Then there is a commercial for a certain auto company, which just kind of happens to star John and Sarah and Cameron, who have no idea what they're supposed to be doing with Dr. Boyd Sherman, child psychologist, whose name was one of the ones on the wall.
Over at that crazy offices where you just might get an icepick through the eye for urinating on your co-worker, there is some kind of photo shoot going involving Catherine Weaver, who is amazing the photographer to move her head exactly the quarter-inch or half-inch he demands. Unfortunately, when he asks for a "warmer" smile -- well, it would be like a shark for one.
The photographer's assistant tries to cajole Catherine's daughter Savannah to join Mommy for the photo shoot, but Savannah refuses, and when Catherine calmly tries to talk to her, Savannah wets herself (and the floor) and runs away. Careful, kid! God knows you don't want to get that on Mommy. Everyone at the photo shoot stares at Catherine.
Later, Catherine tries to get some parenting advice from the assistant, only blows it by referring to Savannah as an "it." The assistant admits that she had some troubles with her own child (Catherine positively perks up when she says, "Some days I wanted to kill him") but she took him to see someone, a miracle worker. Savannah isn't Helen Keller, lady. Besides, the problem's clearly Catherine, who despite having passed easily for human for god knows how long, is for some reason moving more robotically and taking things more literally than we've seen before.
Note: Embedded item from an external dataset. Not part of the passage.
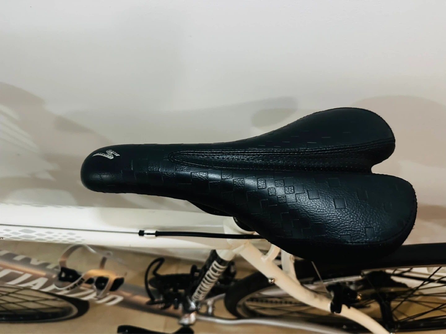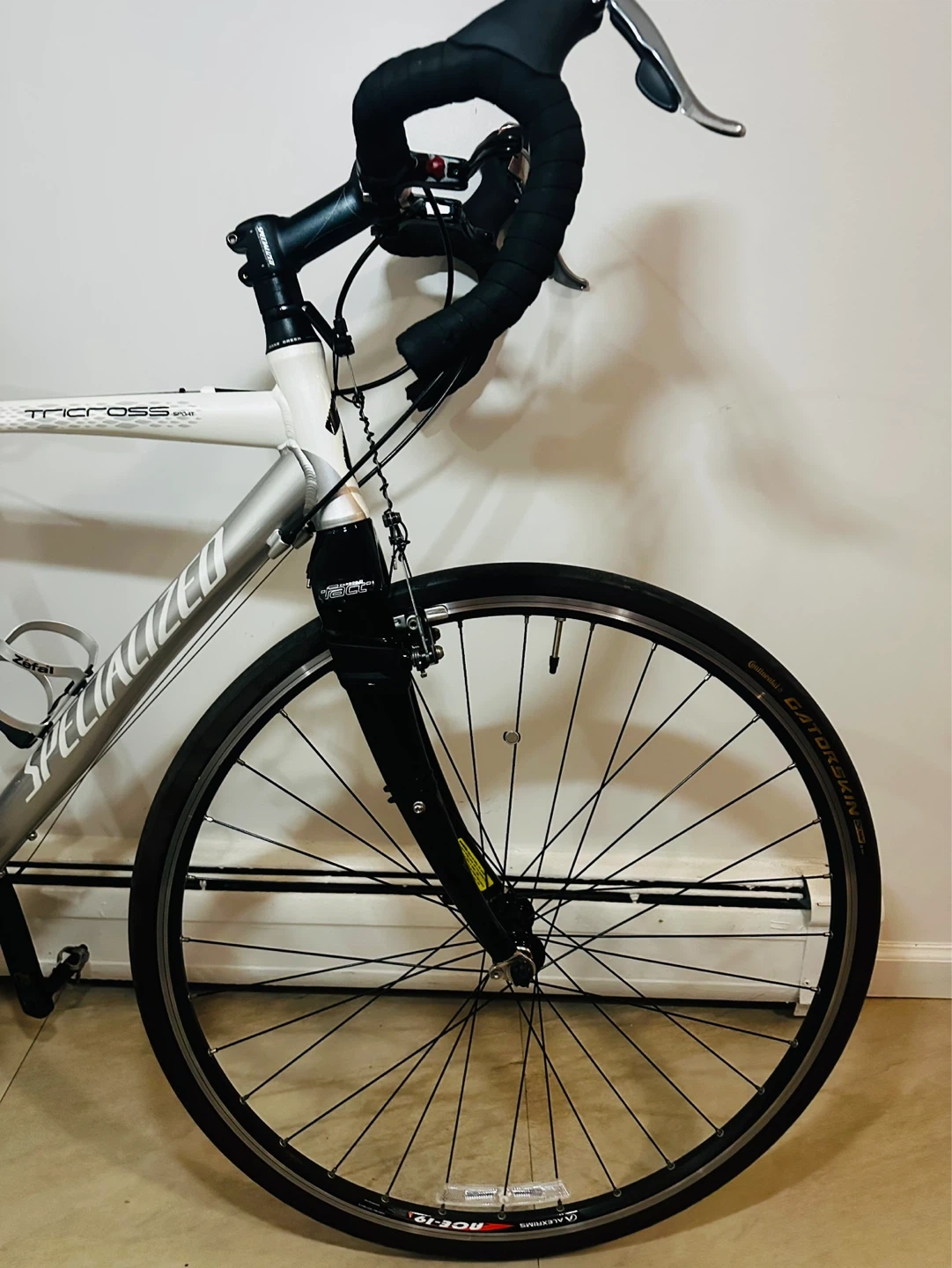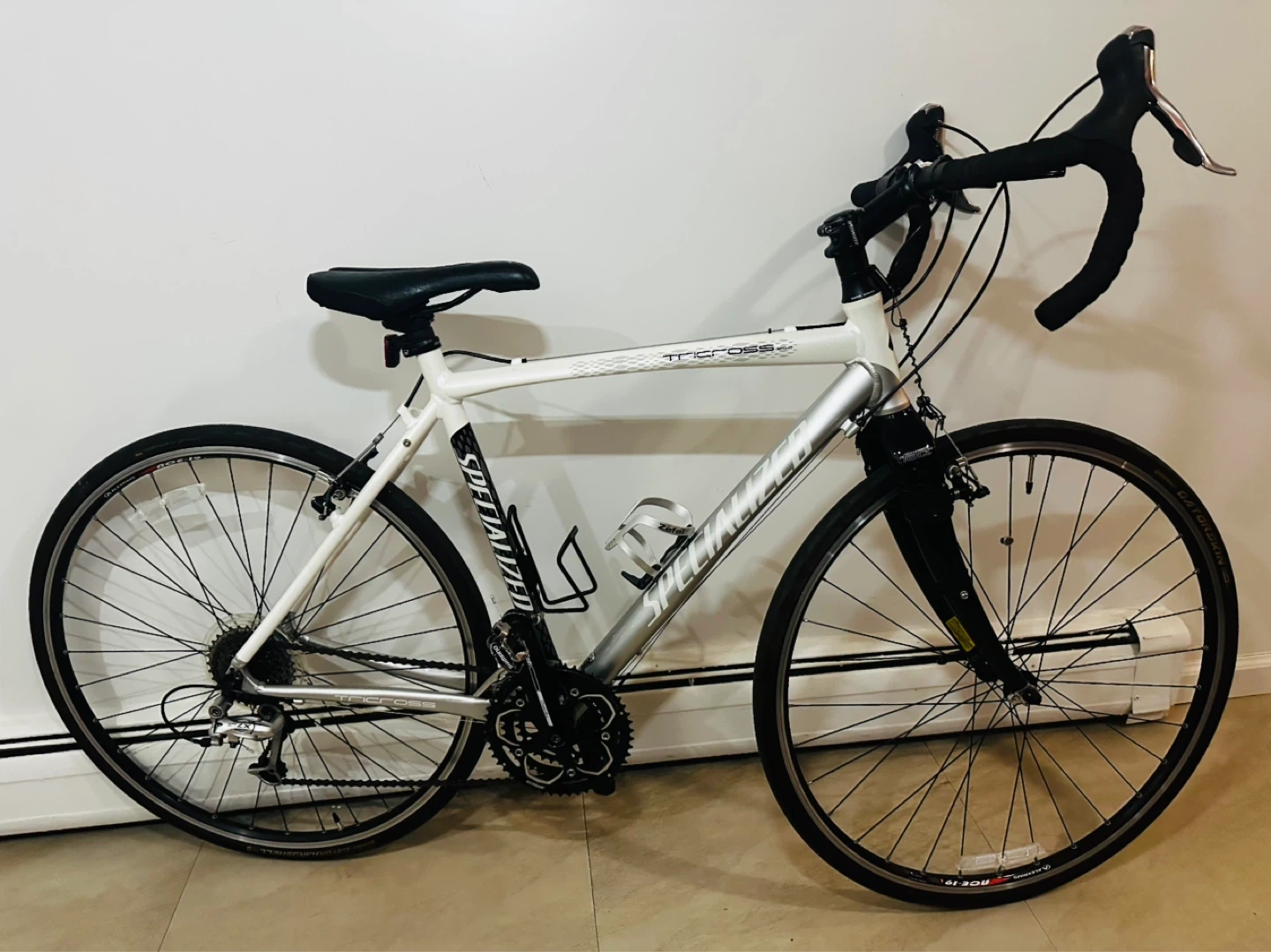This is a Specialized Tricross Sport Disc hybrid bike. It features a lightweight aluminum frame and disc brakes for reliable stopping power. Tires are Specialized All Condition Sport 700x28C. Comes with a water bottle cage.

So the Terminator family is going to see Dr. Boyd Sherman, pretending to be a dysfunctional family, I suppose, with Sarah pretending to not think counseling is necessary (although it's clear later that she really doesn't think it's necessary), and Cameron slips a bug under the doctor's lamp when he's not looking. The doctor suggests meeting individually if they're to continue, and John's all over it, somewhat to Sarah's surprise. But they're already letting the doctor think the family's all torn up over the war death of John's father. I mean, they kind of are, but obviously not in the way that they're presenting it here, and ... anyway. Let's just say Tony Soprano is a piece of cake for an analyst compared with this bunch. And Sarah is rather clumsily asking questions of Sherman, finding out that he's a counselor who's seeing more and more veterans back from the Iraq war.